● EXERCISE GOAL
Write out again, exactly as they appear, the lines from the start of the data below through the line with "The phases and"; no pictures.

── GIVEN RECORDS ──

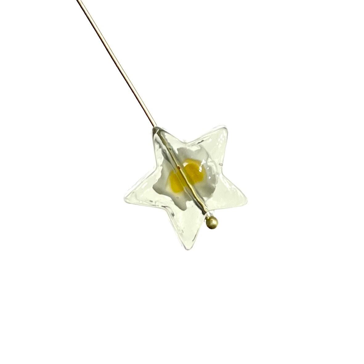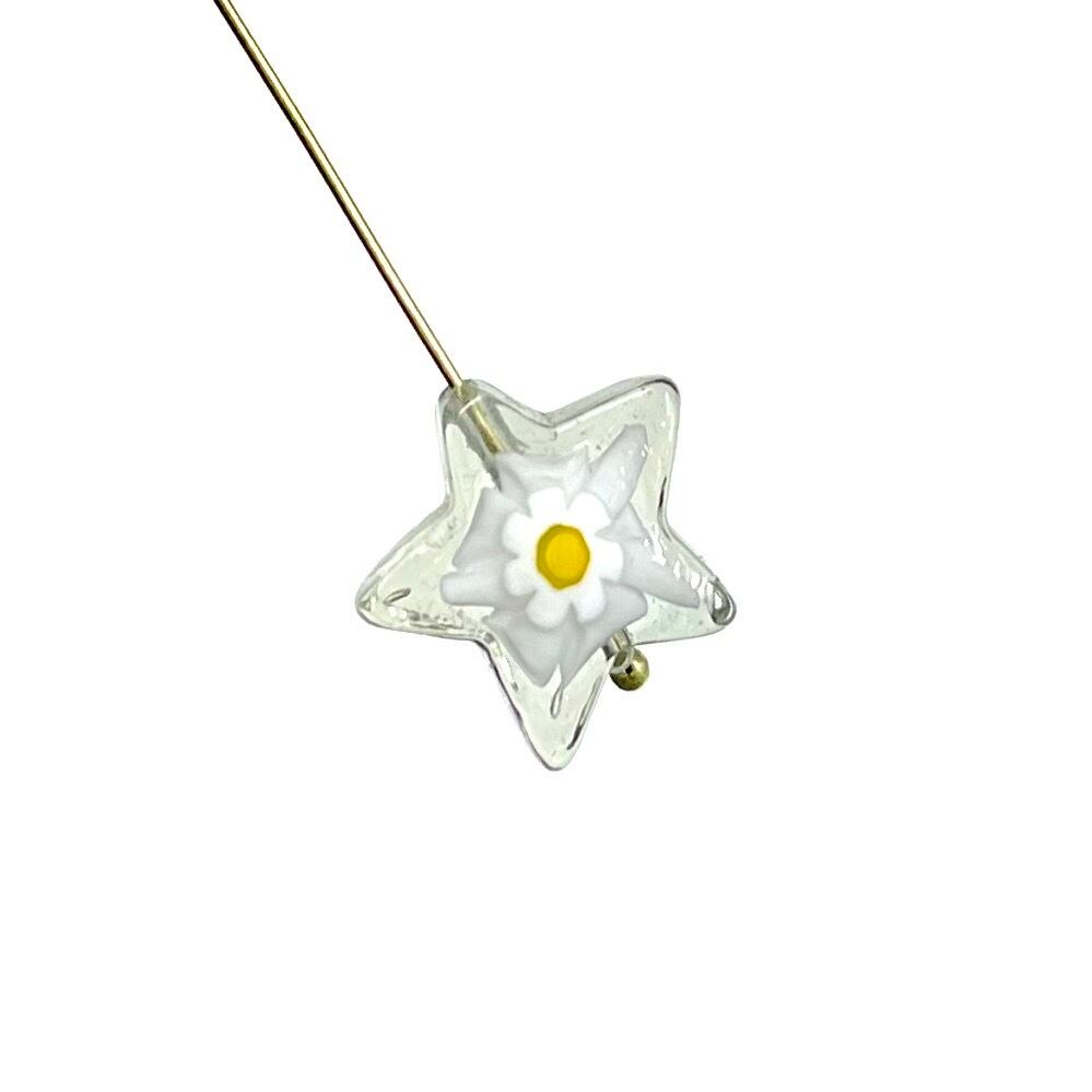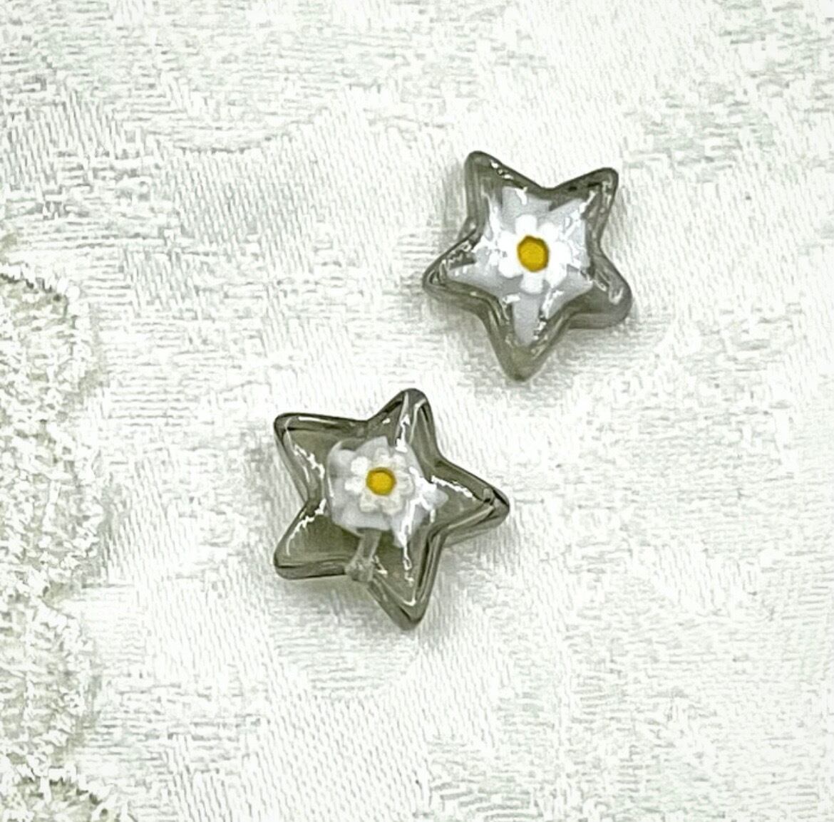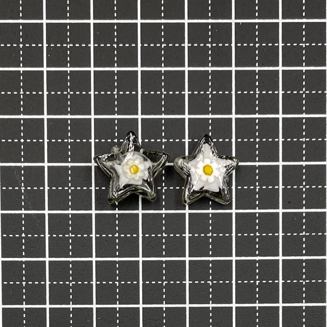 ヴェネチアンの人気モチーフの一つ、星型のビーズです。マルゲリータ模様のモザイコが埋め込まれています。モザイコは片面のみ、裏面は無地です(3枚目画像)。サイズは約15mm、2個セット。イタリア製。
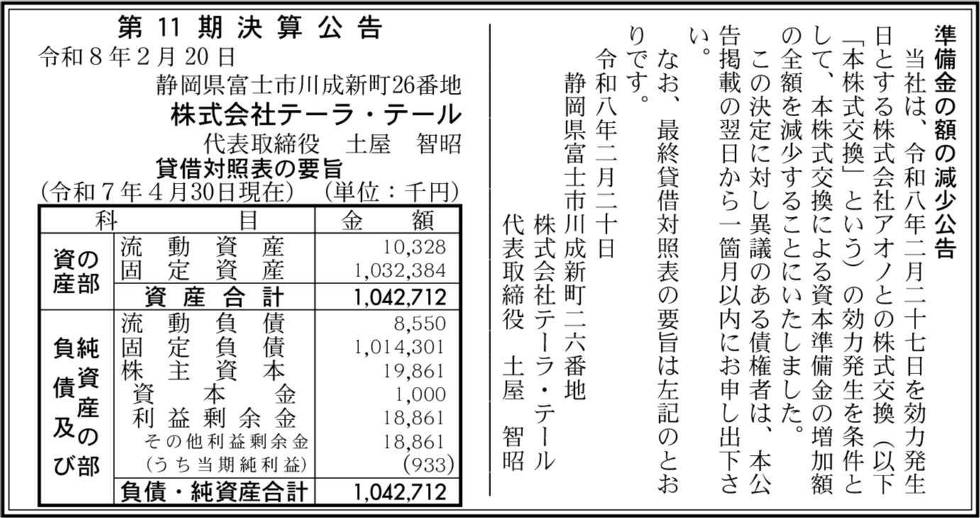 | 会社名 | 株式会社テーラ・テール |
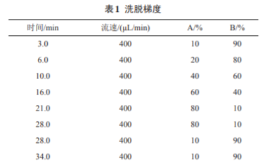 安捷倫Eclipse XDB-C18反相色譜柱 (4.6 mm×150 mm,3.5 µm),柱溫 40℃,流動(dòng)相 A:B=乙 腈(: 水/0.1%甲酸),洗脫梯度見表1,進(jìn)樣體積10 µL。
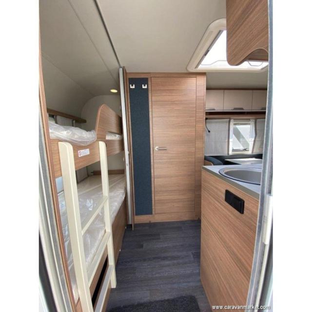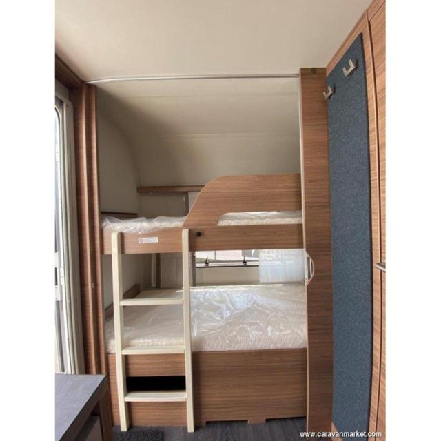 LA SUA DISPOSIZIONE PREVEDE LETTO MATRIMONIALE TRASVERSALE, BAGNO CON LAVADINO E BOX DOCCIA SEPARATO, DINETTE CLASSICA TRASFORMABILE IN LETTO, CUCINA CON FRIGO ampia A COLONNA, LETTO A CASTELLO IN CODA E AMPIO ARMADIO. Caratteristiche di Serie &, Dotazioni di Serie Tetto in Vetroresina Spessori: Tetto (mm.): 31 Pareti (mm.): 31 Pavimento (mm.): 38
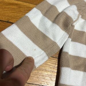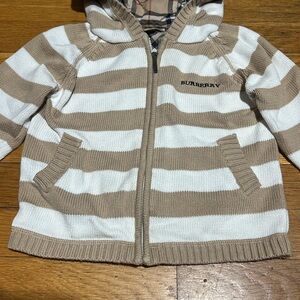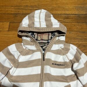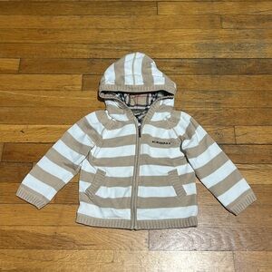 Stylish Burberry hoodie with tan and white stripes. Features a cozy hood and front pockets. Perfect for casual wear.
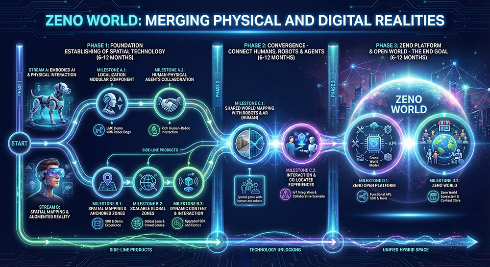 The phases and milestones represent technologies required to reach the end goal of Zeno World, and there will be some side-line products that will be built along with the journey as part of technology unlocking.
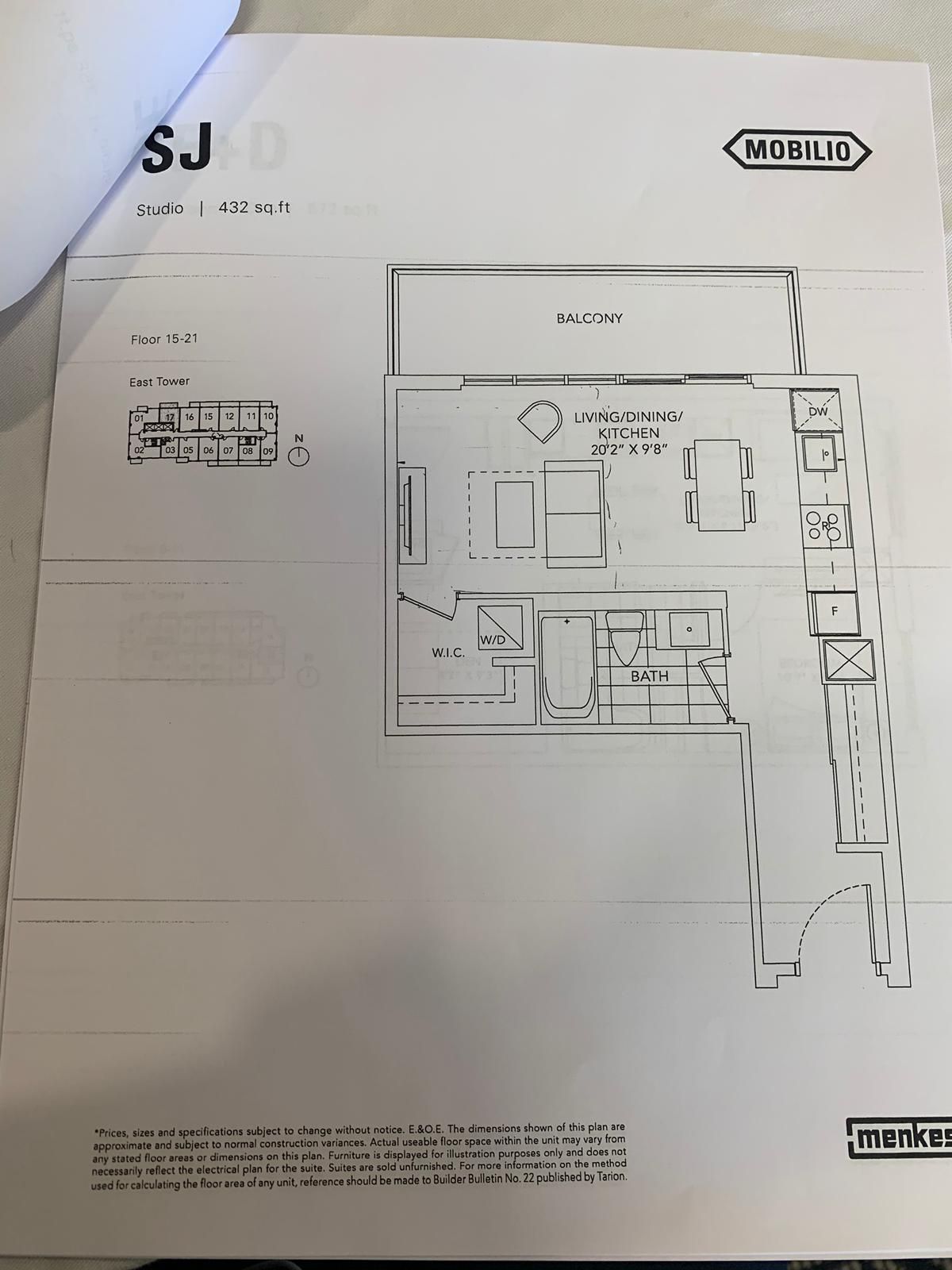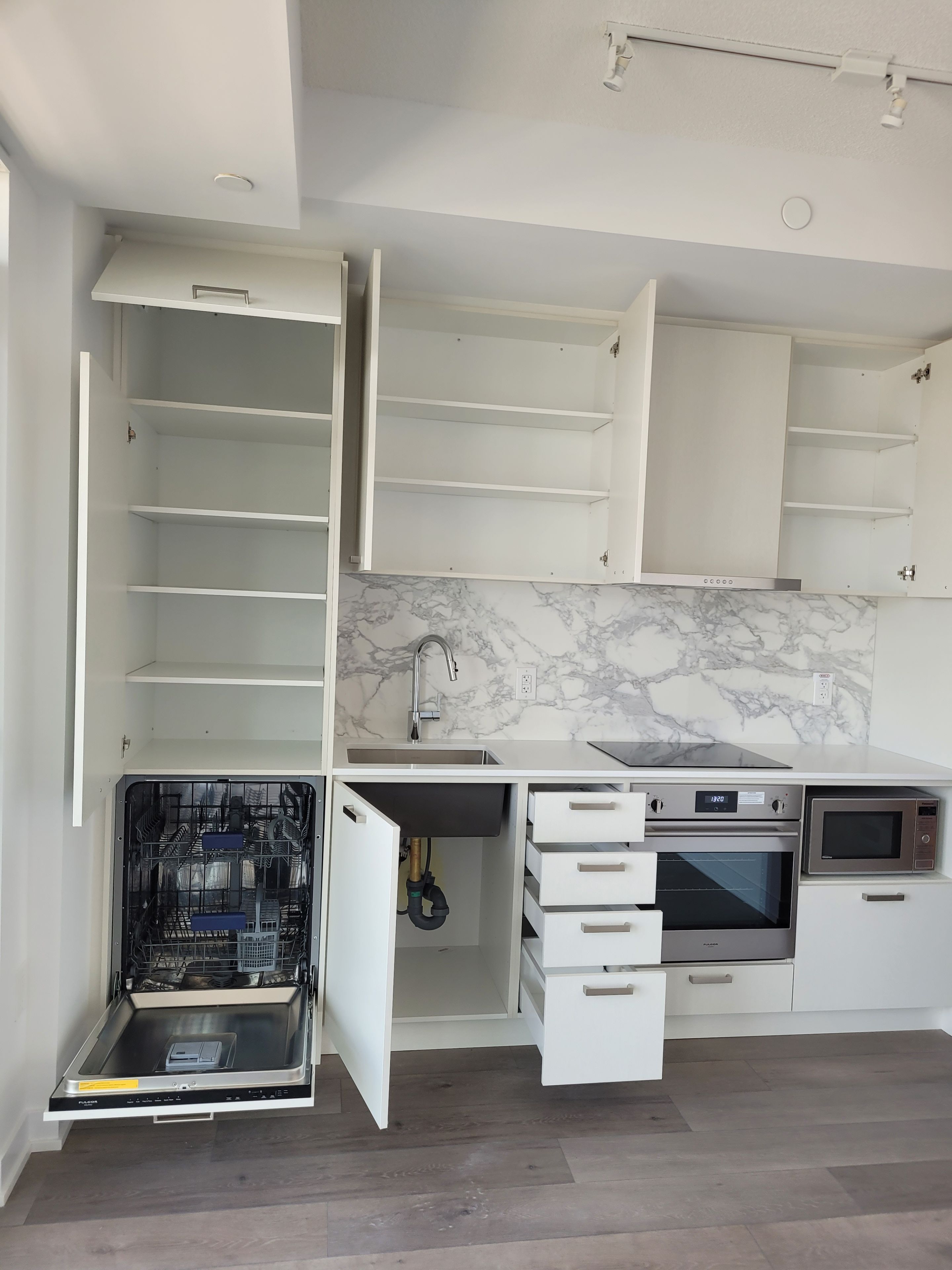 Newer 432 sg ft studio apartment in mobilio east tower by menkes. Modern kitchen, engineered floor, built in appliances, big balcony, and lots of storage space and closet. Excellent location with access to ttc subway, yrt, viva. Easy access to highway 400 and 407. Close to york university, walmart, ikea, restaurants etc. Built in fridge, dishwasher, stove, microwave, front loading washer-dryer.
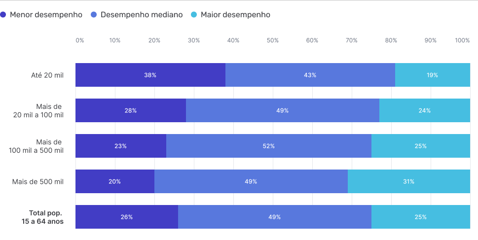 Indivíduos com Maior desempenho, Desempenho mediano e Menor desempenho no teste digital por Tamanho do município (em milhares de habitantes)
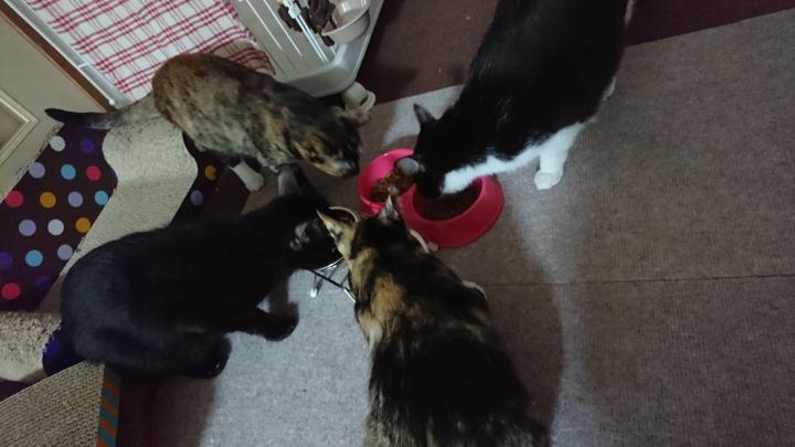 小さいのが横から食べても怒らないし、空いてるところに行けばいいやって感じでみんながずれてくれる。
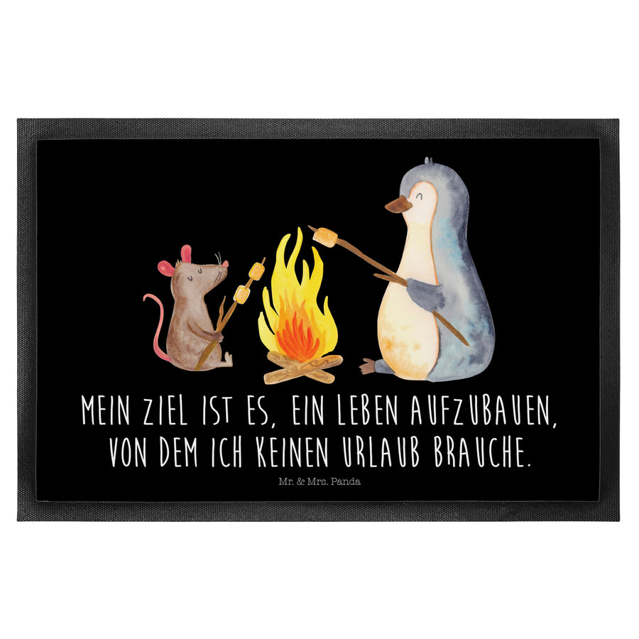 Fußmatte Pinguin Lagerfeuer - 60 x 90 cm - mit Spruch - Schwarz

───

● FINISHED TASK
 ヴェネチアンの人気モチーフの一つ、星型のビーズです。マルゲリータ模様のモザイコが埋め込まれています。モザイコは片面のみ、裏面は無地です(3枚目画像)。サイズは約15mm、2個セット。イタリア製。
 | 会社名 | 株式会社テーラ・テール |
 安捷倫Eclipse XDB-C18反相色譜柱 (4.6 mm×150 mm,3.5 µm),柱溫 40℃,流動(dòng)相 A:B=乙 腈(: 水/0.1%甲酸),洗脫梯度見表1,進(jìn)樣體積10 µL。
 LA SUA DISPOSIZIONE PREVEDE LETTO MATRIMONIALE TRASVERSALE, BAGNO CON LAVADINO E BOX DOCCIA SEPARATO, DINETTE CLASSICA TRASFORMABILE IN LETTO, CUCINA CON FRIGO ampia A COLONNA, LETTO A CASTELLO IN CODA E AMPIO ARMADIO. Caratteristiche di Serie &, Dotazioni di Serie Tetto in Vetroresina Spessori: Tetto (mm.): 31 Pareti (mm.): 31 Pavimento (mm.): 38
 Stylish Burberry hoodie with tan and white stripes. Features a cozy hood and front pockets. Perfect for casual wear.
 The phases and milestones represent technologies required to reach the end goal of Zeno World, and there will be some side-line products that will be built along with the journey as part of technology unlocking.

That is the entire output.